# Murray Sears Roebuck Free Spirit MX bike value



## Bike from the Dead (Sep 14, 2021)

I'm not sure if this counts as a BMX bike or a muscle bike, as it's somewhere in the middle, but I have this Murray-built Sears Roebuck Free Spirit MX bike that I'm hoping to sell/trade at the upcoming Buddy's Pedal Fest swap meet and show. It looks to be mostly intact, but it is missing the front fender, a chunk of the rear fender, and one green valve stem cap. There is some surface rust here and there, with the worst being on the springer fork. I've been told this bike could still be worth $150 to the right person, but I'm not sure. Think you could help me out?


----------



## 1937Zenith (Sep 16, 2021)

I’d say $150 is definitely reasonable! Very cool fork and frame is quite unique. The seat is a major plus being in pretty good shape


----------



## 1937Zenith (Sep 16, 2021)

Take some time to lube the chain and take wd-40 with some 000 steel wool and about 20 minutes with the chrome and that bike would really stand out. Also clean the tires. Surprising what clean wheels and tires can do for really anything haha


----------



## Bike from the Dead (Sep 16, 2021)

1937Zenith said:


> I’d say $150 is definitely reasonable! Very cool fork and frame is quite unique. The seat is a major plus being in pretty good shape





1937Zenith said:


> Take some time to lube the chain and take wd-40 with some 000 steel wool and about 20 minutes with the chrome and that bike would really stand out. Also clean the tires. Surprising what clean wheels and tires can do for really anything haha



Thanks! Looks like I'll be pricing it at that.

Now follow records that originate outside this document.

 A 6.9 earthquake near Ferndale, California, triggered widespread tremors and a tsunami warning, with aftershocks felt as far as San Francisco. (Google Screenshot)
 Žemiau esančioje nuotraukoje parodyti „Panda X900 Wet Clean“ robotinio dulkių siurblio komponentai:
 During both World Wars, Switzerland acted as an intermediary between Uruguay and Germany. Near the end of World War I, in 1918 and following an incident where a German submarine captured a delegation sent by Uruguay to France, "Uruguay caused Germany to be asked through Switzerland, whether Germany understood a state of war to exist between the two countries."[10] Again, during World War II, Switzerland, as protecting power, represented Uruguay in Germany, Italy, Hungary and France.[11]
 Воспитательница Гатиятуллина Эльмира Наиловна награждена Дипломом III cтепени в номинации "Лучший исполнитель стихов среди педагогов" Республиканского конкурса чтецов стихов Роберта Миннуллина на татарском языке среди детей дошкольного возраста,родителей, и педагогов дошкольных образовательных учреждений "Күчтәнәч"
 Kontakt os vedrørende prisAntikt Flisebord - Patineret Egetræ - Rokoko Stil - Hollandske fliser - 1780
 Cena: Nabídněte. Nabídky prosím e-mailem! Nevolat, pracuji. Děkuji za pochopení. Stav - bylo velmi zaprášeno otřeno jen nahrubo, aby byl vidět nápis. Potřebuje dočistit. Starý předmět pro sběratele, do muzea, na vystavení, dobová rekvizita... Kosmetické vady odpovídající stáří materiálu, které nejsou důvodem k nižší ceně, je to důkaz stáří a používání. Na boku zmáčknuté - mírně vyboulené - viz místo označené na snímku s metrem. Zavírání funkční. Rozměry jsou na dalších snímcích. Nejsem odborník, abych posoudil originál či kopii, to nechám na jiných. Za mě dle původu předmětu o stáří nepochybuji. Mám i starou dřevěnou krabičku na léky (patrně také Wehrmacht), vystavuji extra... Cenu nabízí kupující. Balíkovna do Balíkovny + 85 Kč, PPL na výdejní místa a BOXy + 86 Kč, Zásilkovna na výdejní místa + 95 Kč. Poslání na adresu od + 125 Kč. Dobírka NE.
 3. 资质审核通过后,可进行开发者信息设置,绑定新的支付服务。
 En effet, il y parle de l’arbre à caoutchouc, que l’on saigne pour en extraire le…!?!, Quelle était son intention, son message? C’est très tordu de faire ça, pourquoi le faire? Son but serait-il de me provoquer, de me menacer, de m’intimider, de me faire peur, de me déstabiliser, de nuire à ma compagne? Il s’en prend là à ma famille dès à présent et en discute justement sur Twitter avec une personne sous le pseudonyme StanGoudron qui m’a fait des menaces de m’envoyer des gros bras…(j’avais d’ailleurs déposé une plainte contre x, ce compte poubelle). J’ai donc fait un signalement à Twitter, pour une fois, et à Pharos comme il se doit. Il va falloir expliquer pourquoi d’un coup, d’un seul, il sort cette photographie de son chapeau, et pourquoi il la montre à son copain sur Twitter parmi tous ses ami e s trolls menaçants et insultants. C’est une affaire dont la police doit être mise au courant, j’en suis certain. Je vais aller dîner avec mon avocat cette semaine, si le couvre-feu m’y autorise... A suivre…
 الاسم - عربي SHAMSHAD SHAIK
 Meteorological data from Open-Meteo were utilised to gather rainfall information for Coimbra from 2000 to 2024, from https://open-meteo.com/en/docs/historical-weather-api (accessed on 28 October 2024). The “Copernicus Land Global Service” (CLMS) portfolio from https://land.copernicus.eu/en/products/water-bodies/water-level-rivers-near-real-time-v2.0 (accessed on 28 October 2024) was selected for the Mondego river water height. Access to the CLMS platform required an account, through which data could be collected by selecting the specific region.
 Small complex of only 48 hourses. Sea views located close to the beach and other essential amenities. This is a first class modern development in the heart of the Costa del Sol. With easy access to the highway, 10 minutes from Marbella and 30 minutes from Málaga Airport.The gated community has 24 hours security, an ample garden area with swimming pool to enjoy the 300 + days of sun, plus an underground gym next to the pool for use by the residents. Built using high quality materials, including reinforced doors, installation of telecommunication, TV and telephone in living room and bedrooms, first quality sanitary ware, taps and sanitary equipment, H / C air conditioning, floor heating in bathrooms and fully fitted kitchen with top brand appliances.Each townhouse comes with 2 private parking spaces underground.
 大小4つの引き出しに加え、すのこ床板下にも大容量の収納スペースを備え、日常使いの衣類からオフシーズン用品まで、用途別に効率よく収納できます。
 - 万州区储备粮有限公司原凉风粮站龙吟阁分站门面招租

I can try to clean it up, but I only have so much time before the swap meet Saturday, and most of tomorrow is going to be spent just getting packed and driving to Missouri.


----------



## carbon8 (Sep 21, 2021)

Had this exact bike as a kid and still have a pic of me on it. Good thing is; its all original and completely intact as bought from Sears with number plate,chaingaurd,OG tires etc.


----------